At the 8-year follow-up, the fatigue and breathlessness led to a CT scan of the chest, abdomen, and pelvis, explains Brufsky. This examination identified pulmonary metastases, the largest of which was 2 cm. Additionally, multiple liver metastases were noted, with the largest measuring approximately 4 cm. However, liver function testing was normal. A liver biopsy confirmed estrogen receptor-positive disease that was also HER2-positive by FISH with a ratio of approximately 2.3, Brufsky notes.

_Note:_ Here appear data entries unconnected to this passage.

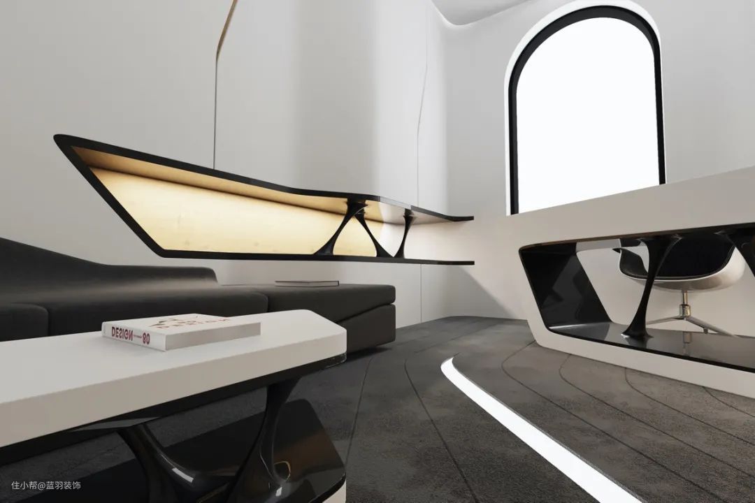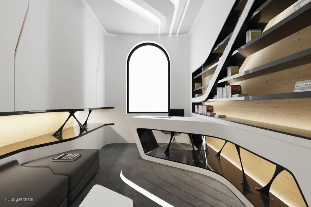 我们来到的第四个未来主义家居内饰采用完全定制的现代家庭办公设计。
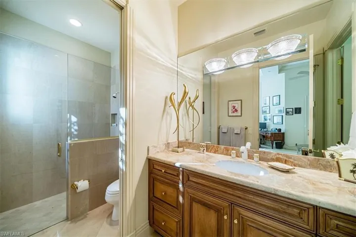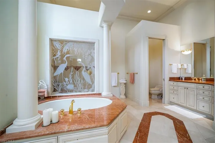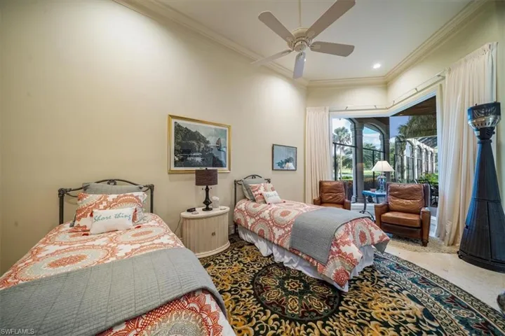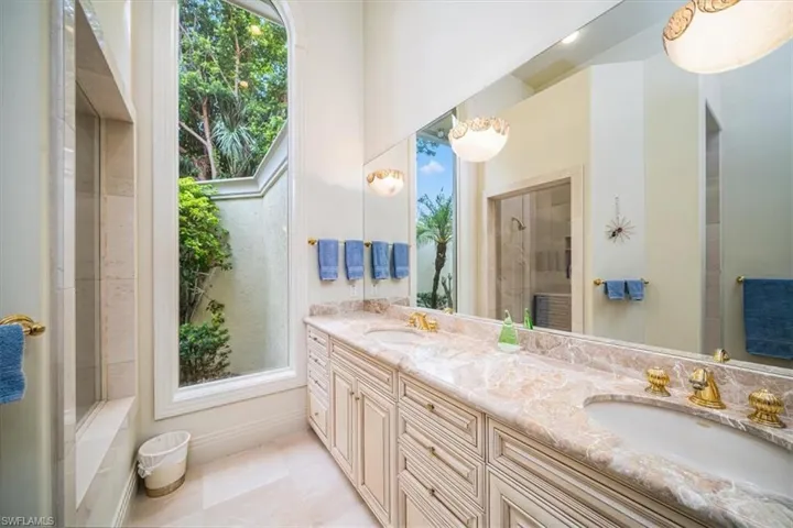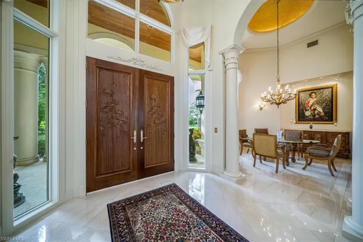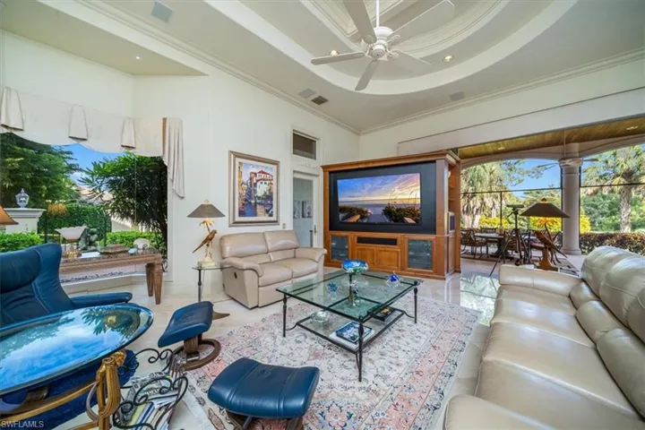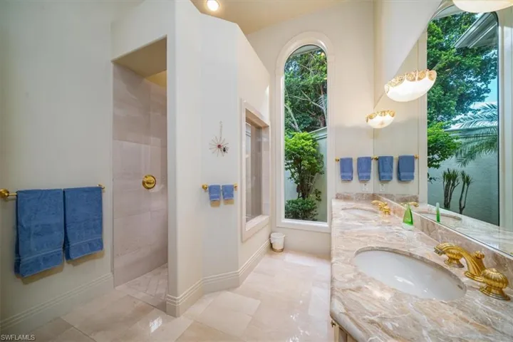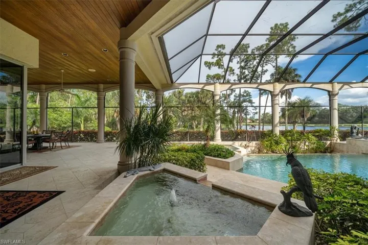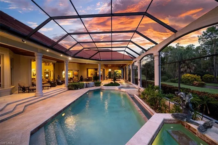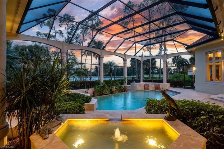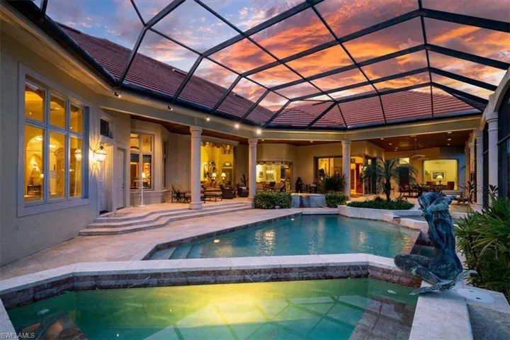 This Quail West estate offers 4 bedrooms, 4 full & 2 half baths, complete with a dedicated study and a private guest casita and is nestled on nearly an acre of prime real estate. The property boasts breathtaking views of the 14th hole of the Preserve Course, with expansive water and golf course vistas. This impeccably maintained home is brimming with high-end upgrades and recent updates, including a new washer, insta-hot water system, and a new roof installed in December 2020. The gourmet kitchen features a new Wolf range, Bosch double oven, Sub-Zero refrigerator, and Moen faucets, catering to the most discerning chef. Additional notables include a powerful 27KW generator, a 3-car air-conditioned garage with approximately 325 square feet of climate-controlled attic storage, a deep well pump and pressure tank installed in 2024, Wi-Fi thermostats, a wine cooler, and elegant marble and wood flooring. The spacious bedrooms are complemented by double doors, a lobby bar, two luxurious owner’s suites, and top-notch security features. The home also offers a central vacuum system, sculptured and recessed ceilings, boosted Wi-Fi, rounded corners, water filtration, indirect lighting, and a cherry-stained hardwood library. The private casita, with its own entrance and kitchenette, provides the perfect retreat for guests. The lanai offers a screened living area and is nothing short of spectacular, featuring a heated pool and spa, reflection ponds, fountains, and a lanai bar with an electric grill. This serene oasis offers unparalleled privacy and stunning views, making it the ideal setting for both relaxation and entertainment. Discover the pinnacle of luxury living with a Class “A” golf membership at one of the nation’s premier country clubs!
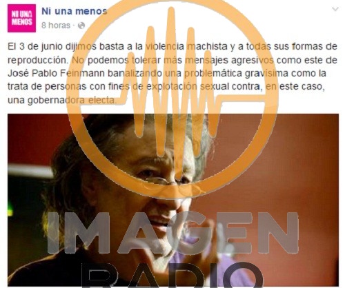 “El 3 de junio dijimos basta a la violencia machista y a todas sus formas de reproducción. No podemos tolerar más mensajes agresivos como este de José Pablo Feinmann banalizando una problemática gravísima como la trata de personas con fines de explotación sexual contra, en este caso, una gobernadora electa”, dice el mensaje.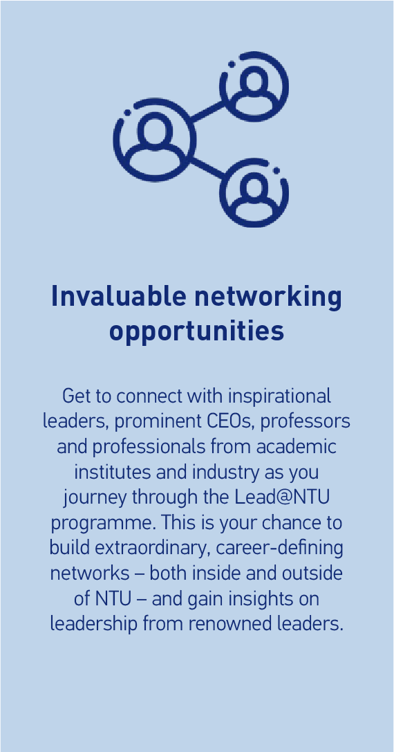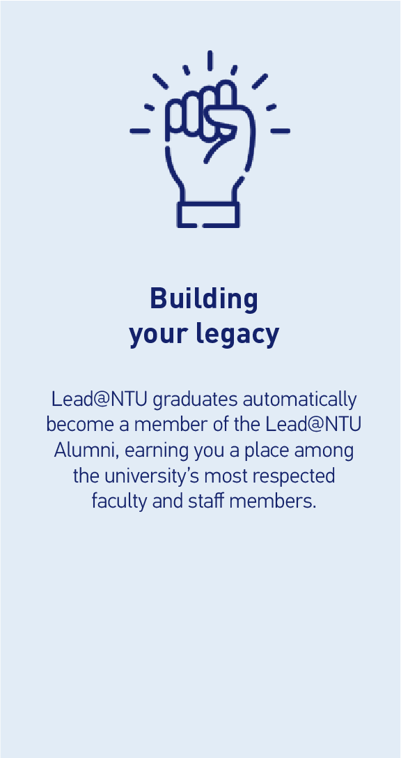 Lead@NTU graduates automatically become a member of the Lead@NTU Alumni and are entitled to participate in events and activities such as networking sessions, speakers series and many more.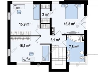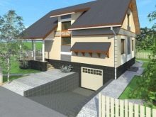 Уместно е да завършите историята с още една опция. Тя включва подреждането на 20-метров гараж. Площта на зоната за гости е почти 34 кв. м. Размерът на коридора е 12 квадратни метра. м. На последния етаж има няколко спални, има и „втора светлина“.

Assessing disease burden and symptoms is the first step in the frontline setting for a patient with metastatic breast cancer that is both ER and HER2-positive, believes Sara Hurvitz, MD. In this case, the patient presents with an indolent tumor and may benefit from treatment with the combination of a hormonal and HER2-targeted agent. As a result, Hurvitz recommends the administration of a taxane with pertuzumab and trastuzumab in the frontline setting for 6 cycles or until a response reduces symptoms. After this point, treatment can be transitioned to HER2-targeted therapies alone with the potential to add an endocrine therapy.
The panel agrees with this treatment approach and transitions the discussion toward HER2 testing, specifically the ratio of HER2 to chromosome 17. The initial ratio of 2.3 is not very high but is adequate to label the disease as HER2-positive, believes Edith A. Perez, MD. Studies have indicated that the degree of HER2 amplification does not impact the efficacy of targeted therapies, such as trastuzumab. As a result, even a patient with a lower ratio for positivity should still receive HER2-targeted therapy.
Further complicating testing, heterogeneity is present in approximately 10% of patients with HER2-positive breast cancer. As a result, guidelines now recommend dual testing for patients with breast cancer to verify the findings, Perez states. Another approach for identifying HER2-positivity measures the number of HER2
gene copies. This approach may provide additional accuracy, when considered along with the ratio, believes Joyce A. O'Shaughnessy, MD.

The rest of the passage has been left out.